▸ THE DATA:
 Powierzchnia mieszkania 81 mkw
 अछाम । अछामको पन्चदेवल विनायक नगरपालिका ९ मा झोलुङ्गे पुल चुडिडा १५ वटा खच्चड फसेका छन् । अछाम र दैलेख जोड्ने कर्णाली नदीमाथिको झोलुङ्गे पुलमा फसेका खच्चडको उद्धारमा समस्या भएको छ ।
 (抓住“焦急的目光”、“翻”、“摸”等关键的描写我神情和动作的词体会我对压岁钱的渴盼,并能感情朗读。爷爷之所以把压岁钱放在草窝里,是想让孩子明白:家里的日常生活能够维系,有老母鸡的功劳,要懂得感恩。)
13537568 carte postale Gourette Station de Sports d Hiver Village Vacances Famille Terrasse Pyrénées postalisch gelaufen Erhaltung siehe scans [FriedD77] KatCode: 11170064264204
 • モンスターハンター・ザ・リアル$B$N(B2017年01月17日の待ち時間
==
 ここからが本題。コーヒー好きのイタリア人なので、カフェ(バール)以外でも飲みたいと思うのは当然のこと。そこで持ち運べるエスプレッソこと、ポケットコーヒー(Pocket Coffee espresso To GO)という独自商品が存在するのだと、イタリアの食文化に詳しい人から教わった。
* * *
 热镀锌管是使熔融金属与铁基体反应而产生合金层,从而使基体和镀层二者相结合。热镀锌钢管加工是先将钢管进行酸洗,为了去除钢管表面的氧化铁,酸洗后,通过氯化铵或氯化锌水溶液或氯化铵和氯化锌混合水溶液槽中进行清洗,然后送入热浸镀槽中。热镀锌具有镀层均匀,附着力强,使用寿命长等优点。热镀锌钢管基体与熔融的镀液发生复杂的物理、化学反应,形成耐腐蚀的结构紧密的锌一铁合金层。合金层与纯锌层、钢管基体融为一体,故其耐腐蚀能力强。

▸ DESCRIPTION OF THE TASK:
Would you copy, unchanged, the stretch of the records above that begins at the line containing "Powierzchnia mieszkania 81 mkw" and ends at the line containing "अछाम । अछामको", and only that?

▸ THE COMPLETED TASK:
 Powierzchnia mieszkania 81 mkw
 अछाम । अछामको पन्चदेवल विनायक नगरपालिका ९ मा झोलुङ्गे पुल चुडिडा १५ वटा खच्चड फसेका छन् । अछाम र दैलेख जोड्ने कर्णाली नदीमाथिको झोलुङ्गे पुलमा फसेका खच्चडको उद्धारमा समस्या भएको छ ।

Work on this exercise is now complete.